On the left hand side is an example from a textbook I am following. On the right hand side is pseudo code that I found. I took a guess, but I don't know what the time would be for the inner code fragments.
I am especially unsure what the code segments inside the if statement would be because the if statement doesn't always occur.
The answer is O(n^2).
Good strategy for working this out is eliminate all constant time operations (unless it is a return / break that will change the loop), as everything will always be at least O(1).
This means you can eliminate everything inside the if, as well as the if. So you are left with a simple nested loop running over n
Hence O(n^2)
You always assume worst case (unless explicitly told otherwise). Therefore assume if statement will be true and statements will run every loop (as there can exist a sorting order where this is true), so your statements will have the same cost as your loop
For this particular snippet of code, the answer is that it doesn't matter that the if statement is only entered "sometimes". If the if statement is entered, then you only do a constant amount of additional work. This is asymptotically equivalent to even evaluating if the if statement should be entered or not. Whether you enter or not is immaterial.
If the code inside were more complex, then you could naively construct an upper bound by assuming it always enters the block. It may be the case that this actually produces an "incorrect" (too loose) bound, but for sufficiently complex code one may require an entire paper to prove that a block is only entered a small number of times. Or, worst of all, it may in fact be impossible to prove when it is entered. Therefore as a first pass, it would be good enough to assume it's always entered. In practice, the result you get is often tight, or "tight enough". Otherwise, you better start busting out some serious proofs.
Anyway, for this particular snippet, the runtime of the code becomes the result of the sum you've expressed. Thankfully, this is is an exceedingly common sum which we all take the result of for granted. Here it is plugged into wolfram. The answer is something vaguely complex that there are various proofs of, but the key point is that its dominant factor is $n^2$, which is all we ever care about in asymptotics. Therefore this code runs in $O(n^2)$.
You could have also achieved this bound using similar reasoning I applied to the if statement: be lazy, and assume the worst. In this case, the inner loop does the most iterations when $i=1$. So let's just assume that it's always the case. Then that loop always goes from $1$ to $n$, and the two loops combined do $n*n = O(n^2)$ work. Hey look, that's the same bound. Awesome.

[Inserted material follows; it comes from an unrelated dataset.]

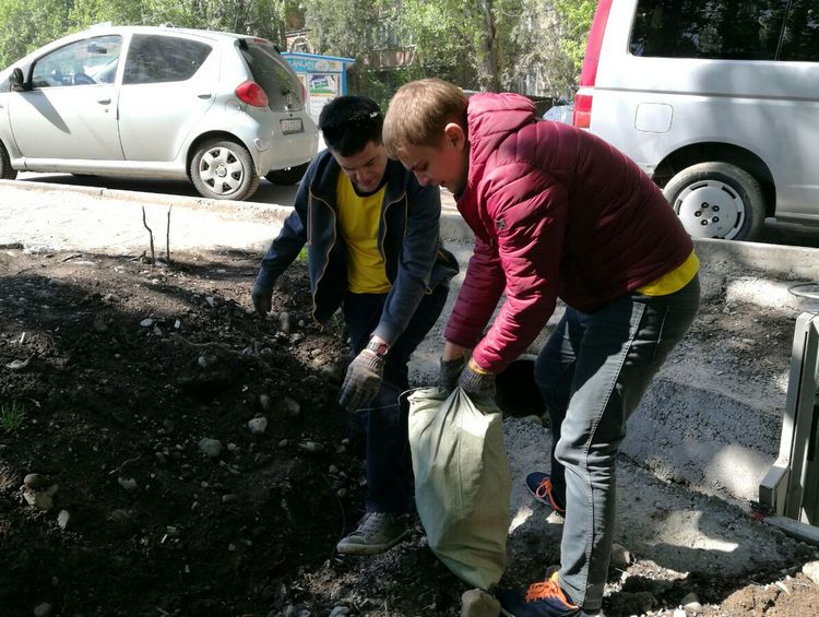 В Бишкеке ООО «Скай Мобайл» субботник приурочило ко Дню города. 150 сотрудников мобильного оператора, включая топ-менеджеров, вышли очистить от мусора выделенную администрацией Свердловского района территорию.

It's easy to get bogged down in minor details with asymptotics, but you should generally try to be as "lazy" as possible to keep your analysis sane. Often (especially as you work with more examples), you will have an intuition for what the answer will be, or at least a target for how good it needs to be. Always start with the naivest, laziest upper bound you can think of (as long as it is indeed "upper"), and if it's "good enough", just stop there.